**What is being asked:** Write the listing out again word for word, leaving each picture behind.

**Data section:**
--

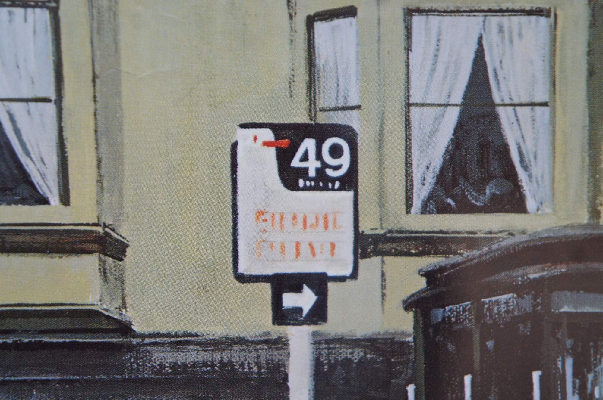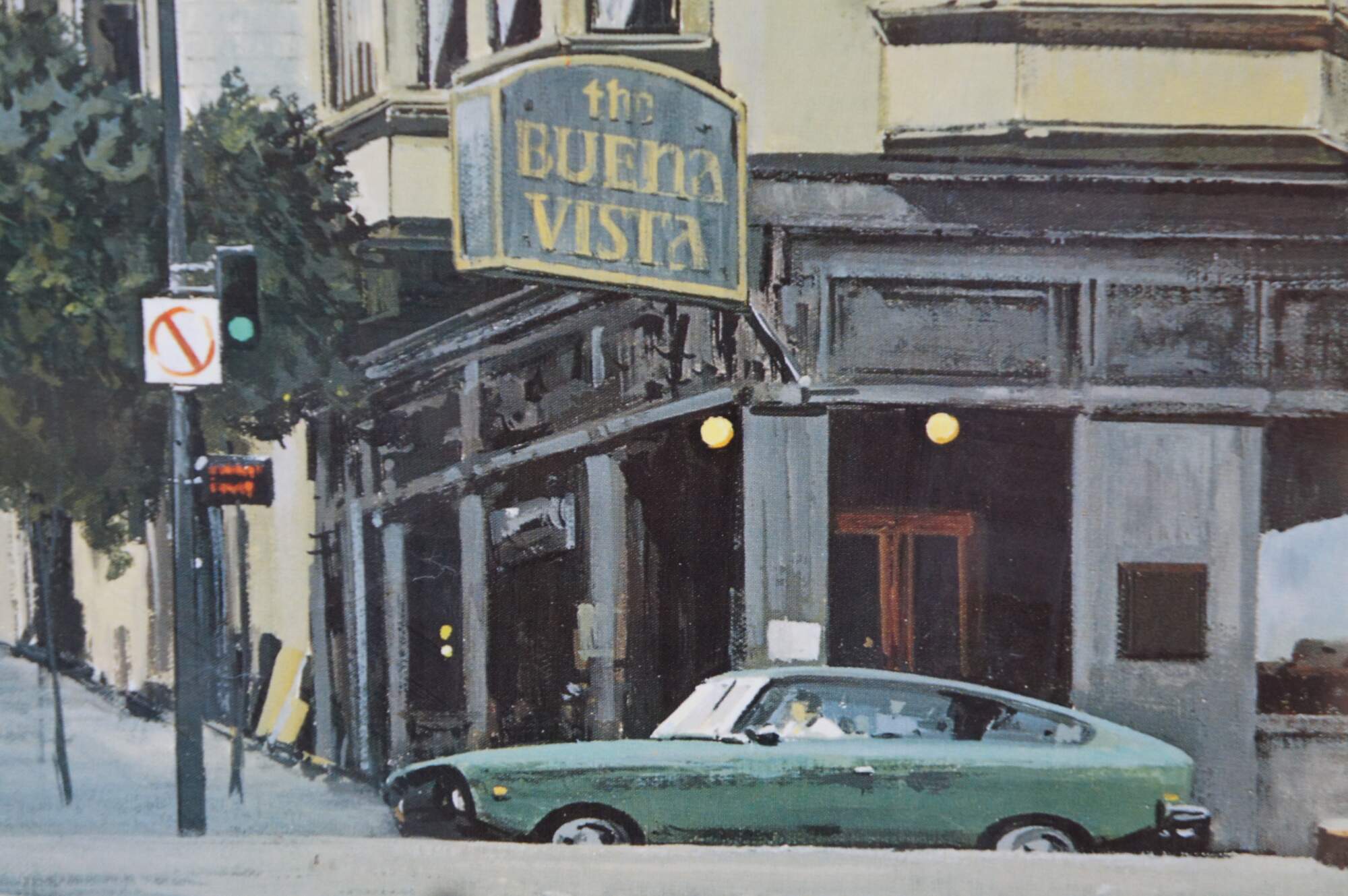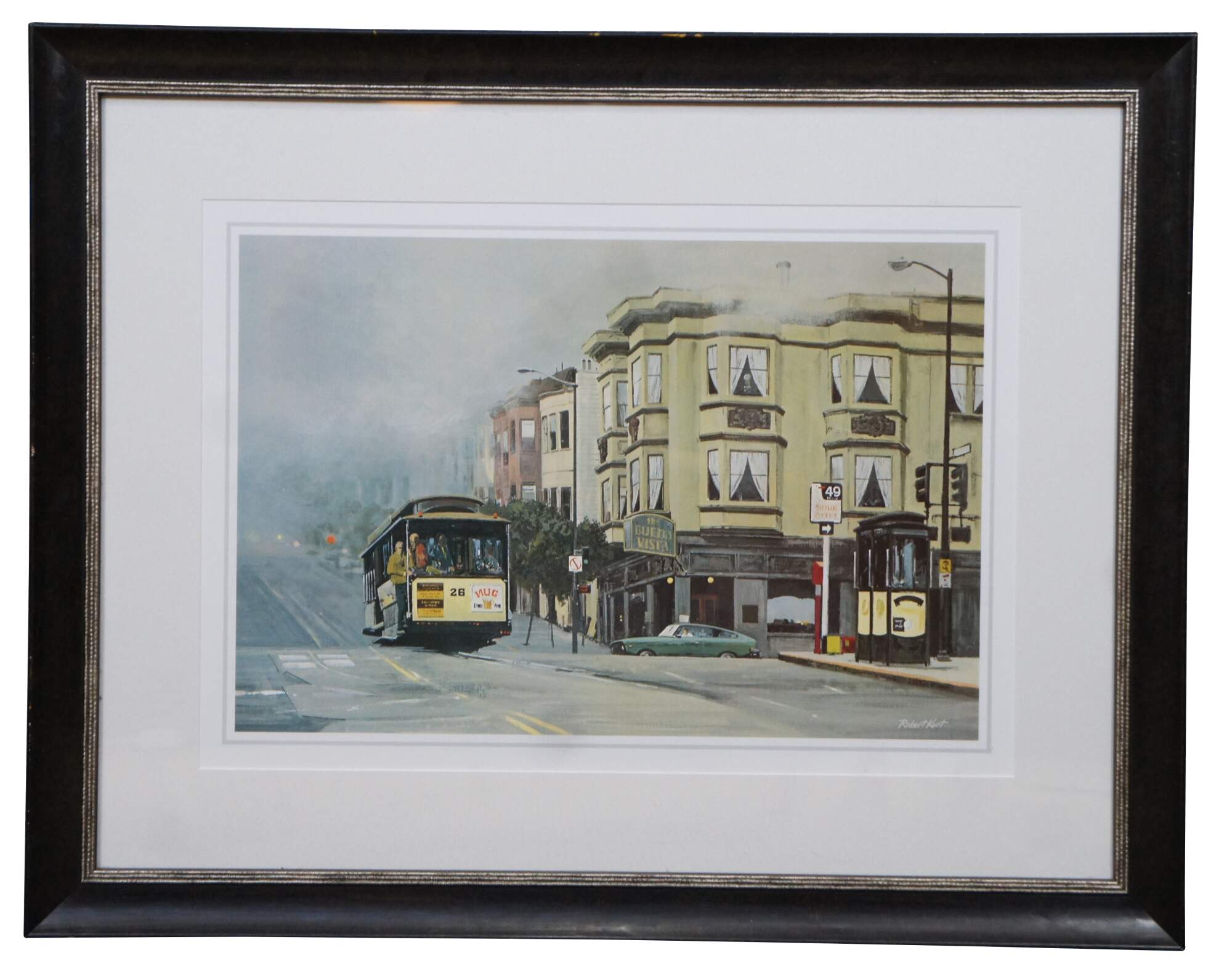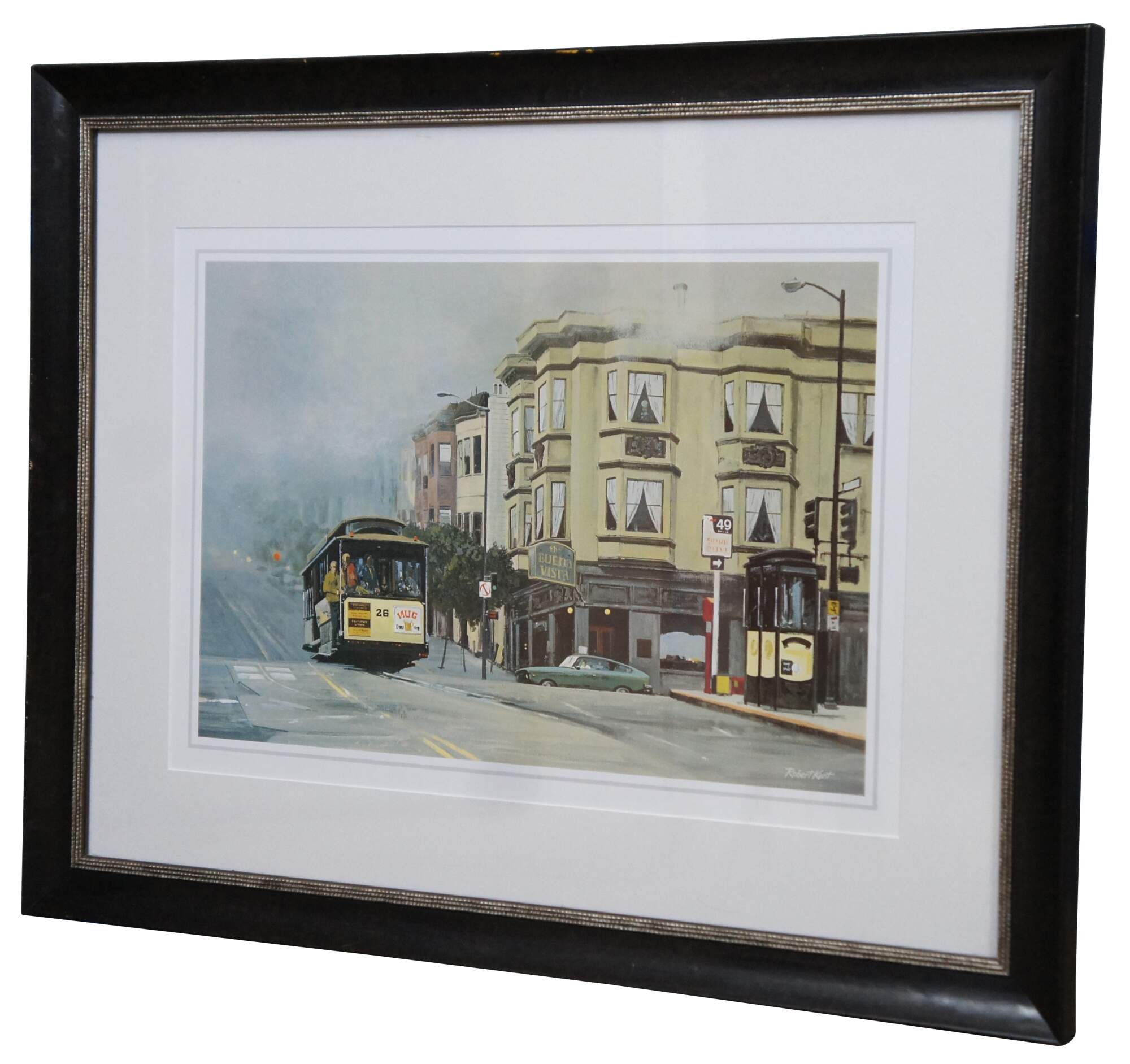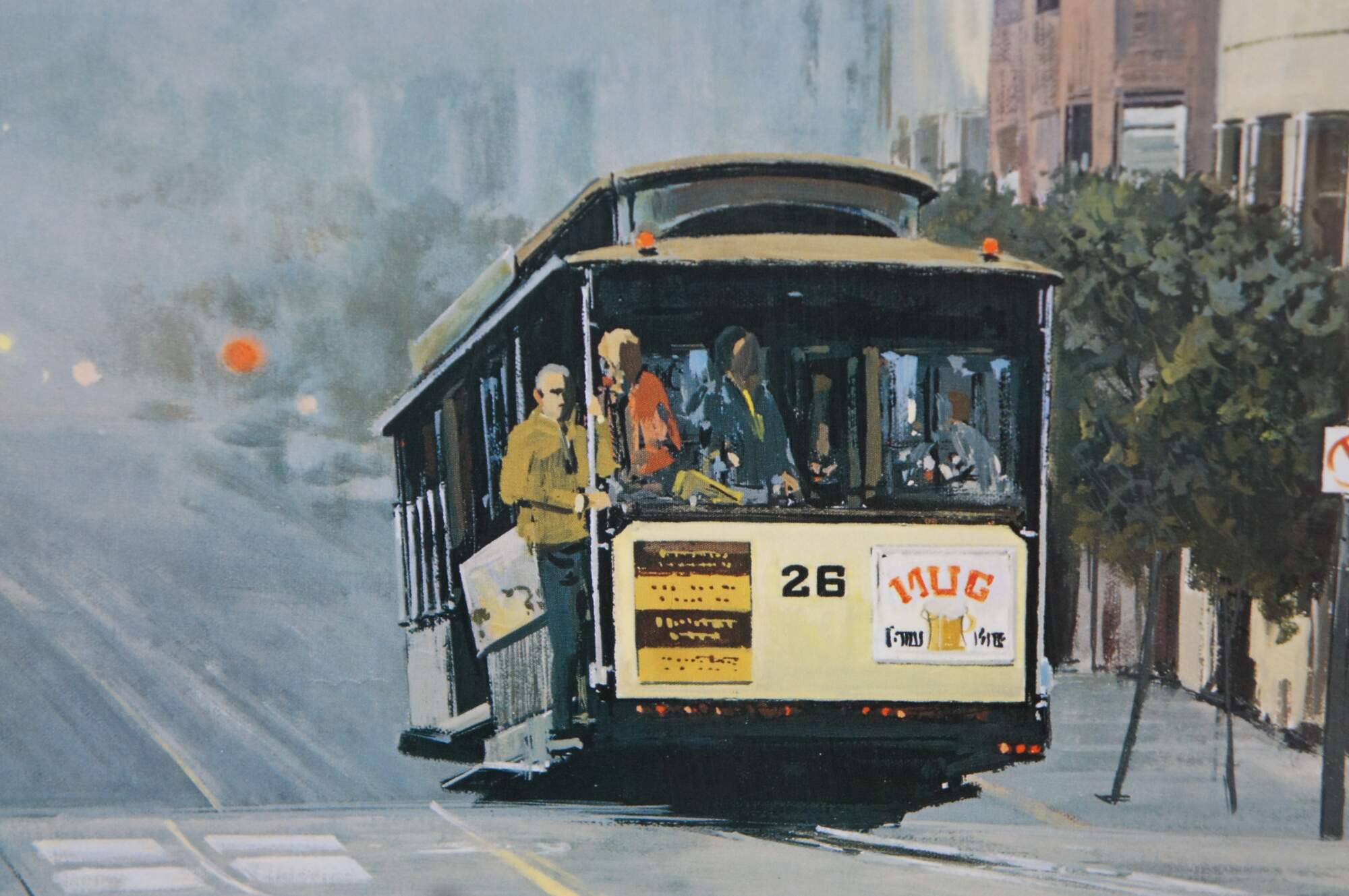 Vintage print of a work by robert Kent titled “San Francisco Cable Car in Fog” featuring the iconic Buena Vista restaurant.
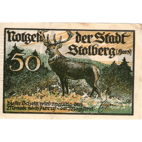 Notgeld Der Stadt Stolberg (Harz) 50 Dieser schein wird ungültig drei monate nach abruf der magistrat (Translation: Emergency money from the city of Stolberg (Harz) 50 This certificate becomes invalid three months after the magistrate`s call) |
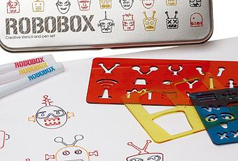 Build your little robots with Robobox, a set of three fun stencils, and invade all memos, letters & greetings ! Set also available with dinosaur stencils called Dinobox…

--

**Response area:**
 Vintage print of a work by robert Kent titled “San Francisco Cable Car in Fog” featuring the iconic Buena Vista restaurant.
 Notgeld Der Stadt Stolberg (Harz) 50 Dieser schein wird ungültig drei monate nach abruf der magistrat (Translation: Emergency money from the city of Stolberg (Harz) 50 This certificate becomes invalid three months after the magistrate`s call) |
 Build your little robots with Robobox, a set of three fun stencils, and invade all memos, letters & greetings ! Set also available with dinosaur stencils called Dinobox…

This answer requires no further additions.